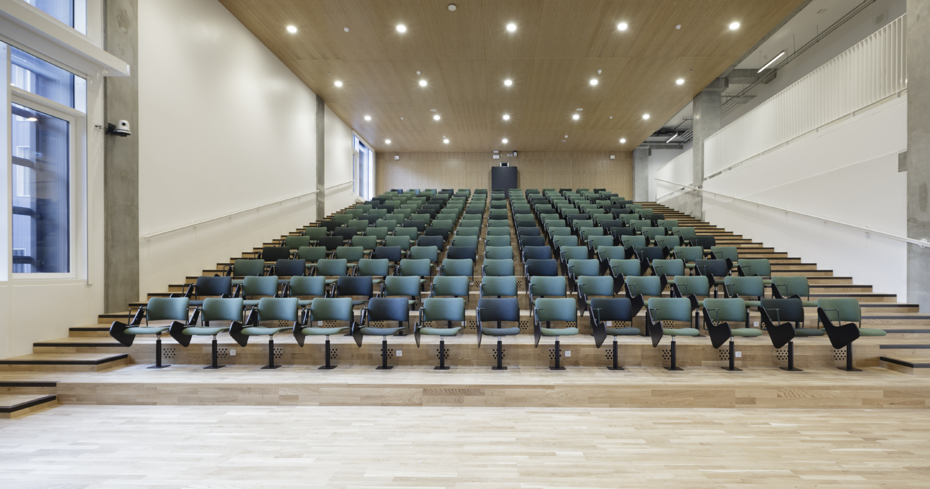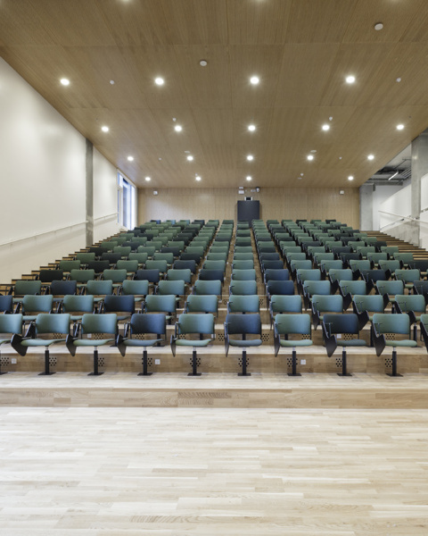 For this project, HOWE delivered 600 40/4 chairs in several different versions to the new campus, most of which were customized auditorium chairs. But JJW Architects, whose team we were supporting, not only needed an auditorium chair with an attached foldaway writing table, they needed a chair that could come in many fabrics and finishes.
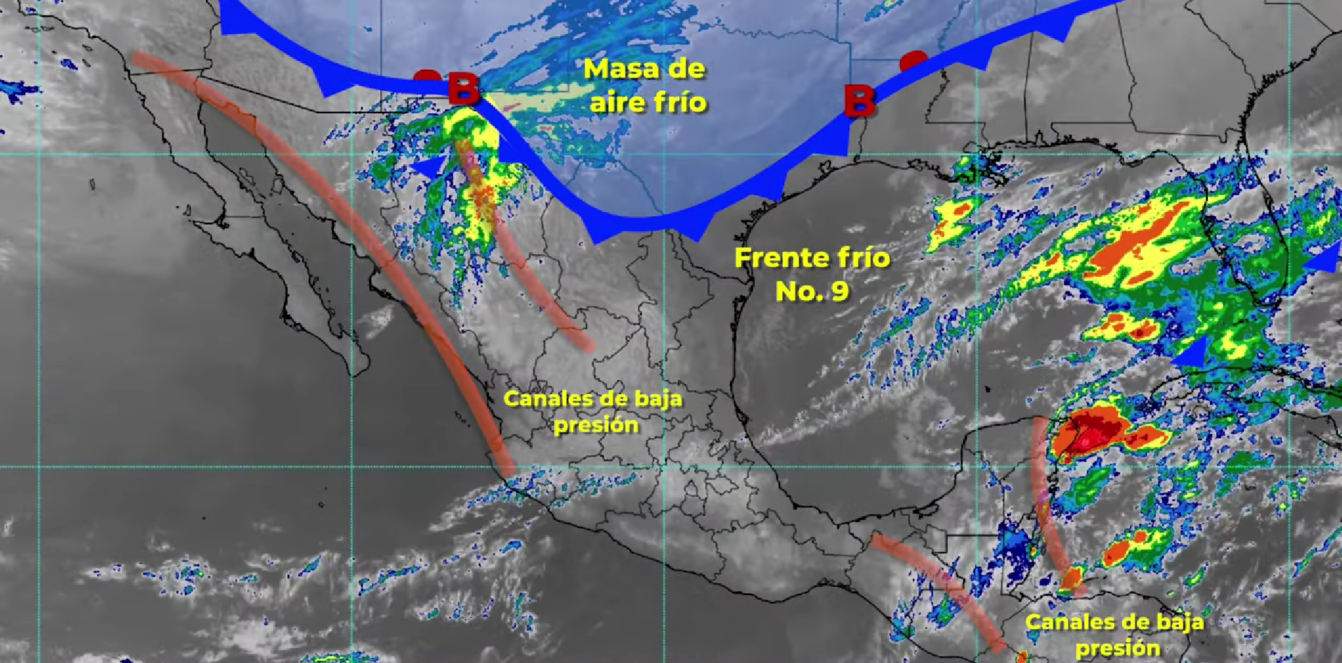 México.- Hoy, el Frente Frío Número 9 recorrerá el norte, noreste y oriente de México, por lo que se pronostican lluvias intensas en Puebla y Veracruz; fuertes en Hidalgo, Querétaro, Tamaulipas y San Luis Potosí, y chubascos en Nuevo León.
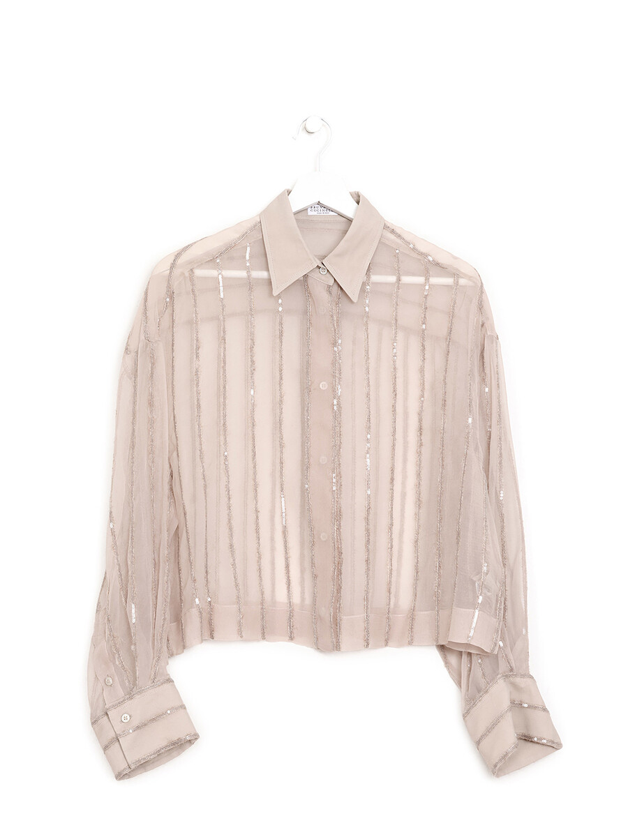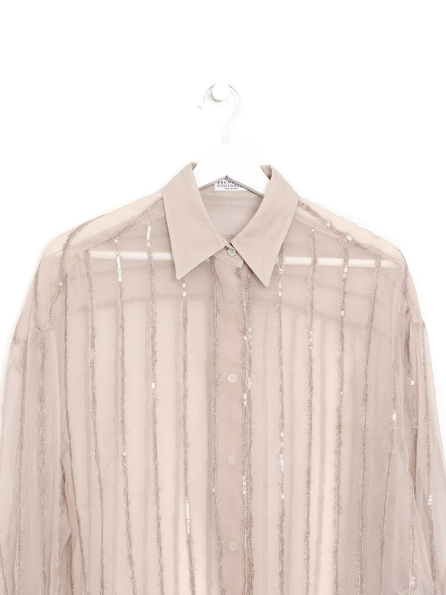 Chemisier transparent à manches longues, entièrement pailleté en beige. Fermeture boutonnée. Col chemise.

+ + +

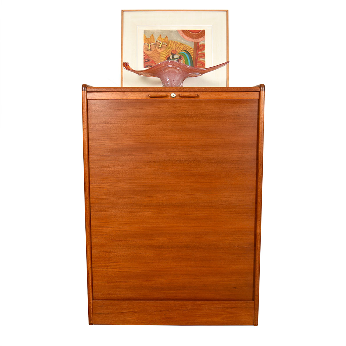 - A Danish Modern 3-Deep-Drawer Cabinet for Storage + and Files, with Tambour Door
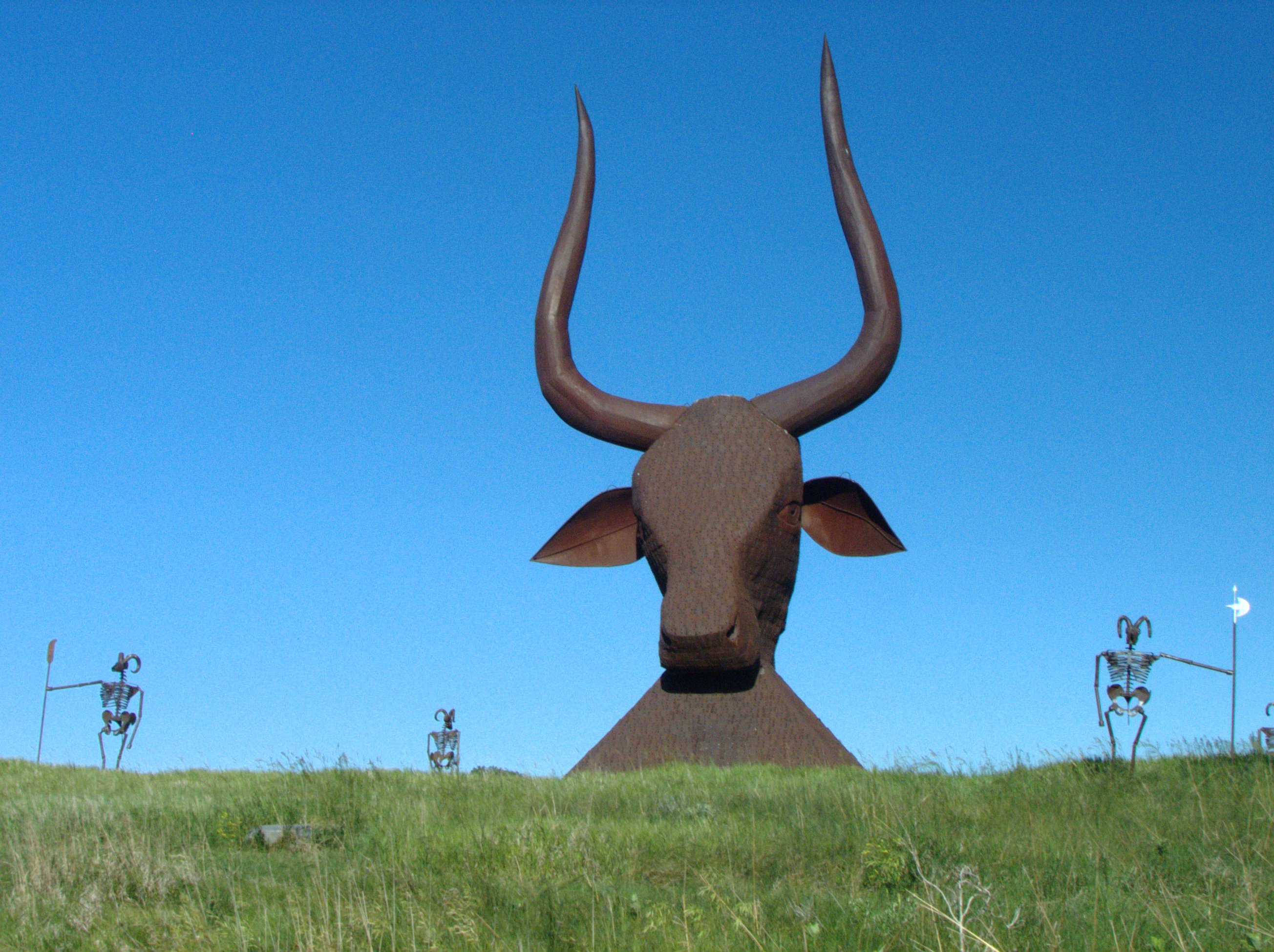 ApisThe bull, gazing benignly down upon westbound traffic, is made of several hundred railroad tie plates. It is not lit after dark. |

+ + +

=== Problem statement ===
Within the material above, only the stretch from the line holding "- A Danish Modern" through the line holding "ApisThe bull, gazing" is to be restated exactly. Pictures are dropped.

=== The completed task ===
 - A Danish Modern 3-Deep-Drawer Cabinet for Storage + and Files, with Tambour Door
 ApisThe bull, gazing benignly down upon westbound traffic, is made of several hundred railroad tie plates. It is not lit after dark. |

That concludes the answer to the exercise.